▶ **WHAT TO WORK ON**
In the data below, repeat the line containing "Brizled Dimmable LED" and every following line exactly, up to and including the last line. Exclude pictures.

▶ **INFORMATION SHOWN**
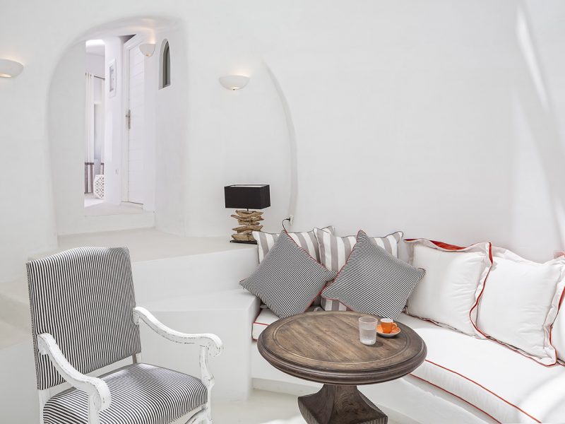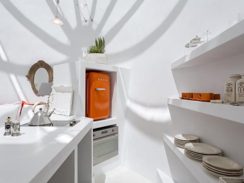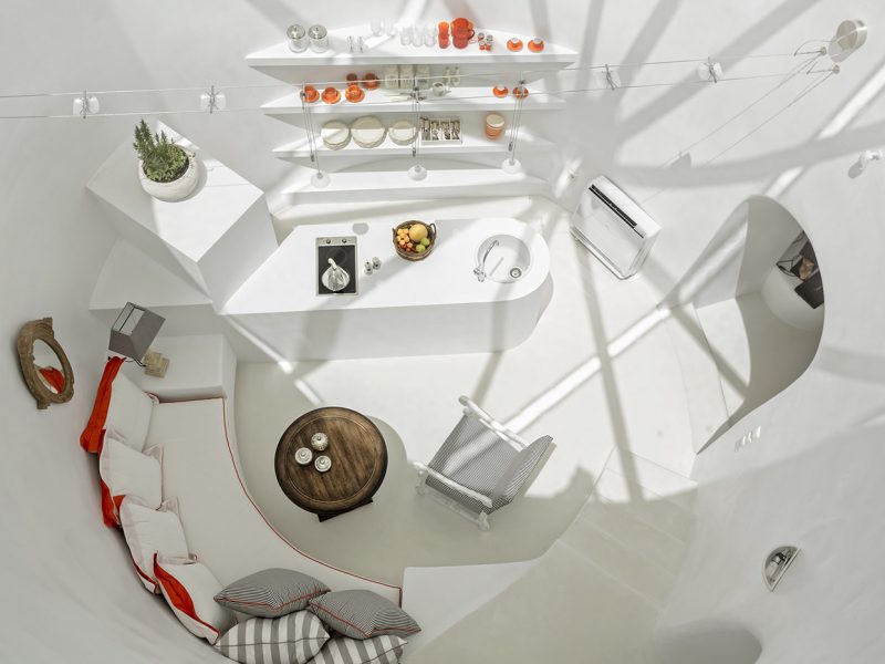 Two old kilns were totally restored and rebuilt in 2014 with respect to the Cycladic architecture using only eco-friendly materials.
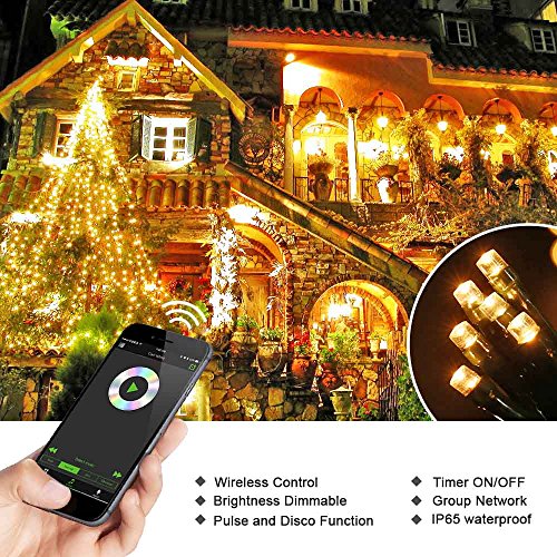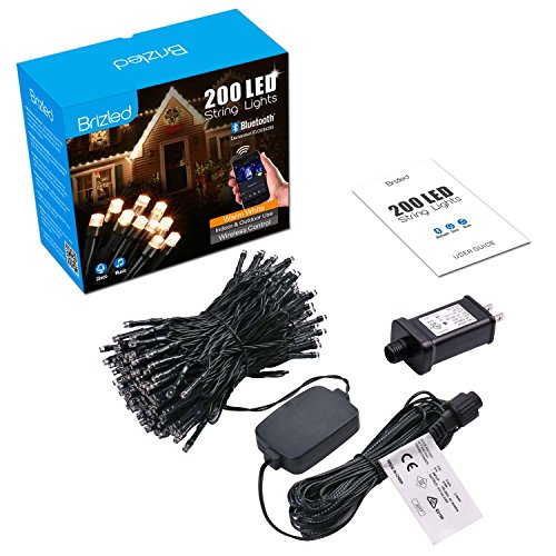 Brizled Dimmable LED Christmas Lights, 200 LED 65ft Mini Smart String Lights, Bluetooth LED Lights Controlled by iOS & Android Devices, Ideal for Holidays, Parties and Wedding Decorations, Warm White
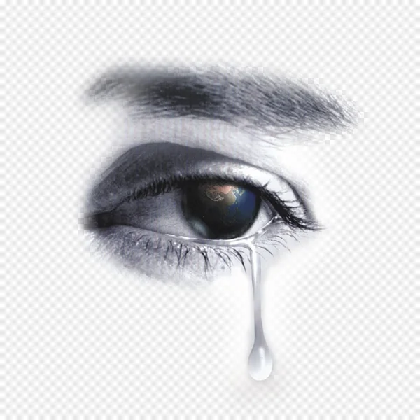 Download this powerful Crying Earth Eye PNG for free! This striking grayscale image features a human eye with the vibrant Earth visible in its pupil, shedding a crystal-clear teardrop. It's a poignant symbol of global concern, environmental crisis, climate change, and humanity's sorrow for our planet. Perfect for impactful awareness campaigns, presentations on sustainability, educational materials, graphic design projects, or blog posts addressing ecological issues. Get this high-quality, transparent PNG to convey deep emotion and urgent calls to action for environmental protection.

▶ **ANSWER SPACE**
 Brizled Dimmable LED Christmas Lights, 200 LED 65ft Mini Smart String Lights, Bluetooth LED Lights Controlled by iOS & Android Devices, Ideal for Holidays, Parties and Wedding Decorations, Warm White
 Download this powerful Crying Earth Eye PNG for free! This striking grayscale image features a human eye with the vibrant Earth visible in its pupil, shedding a crystal-clear teardrop. It's a poignant symbol of global concern, environmental crisis, climate change, and humanity's sorrow for our planet. Perfect for impactful awareness campaigns, presentations on sustainability, educational materials, graphic design projects, or blog posts addressing ecological issues. Get this high-quality, transparent PNG to convey deep emotion and urgent calls to action for environmental protection.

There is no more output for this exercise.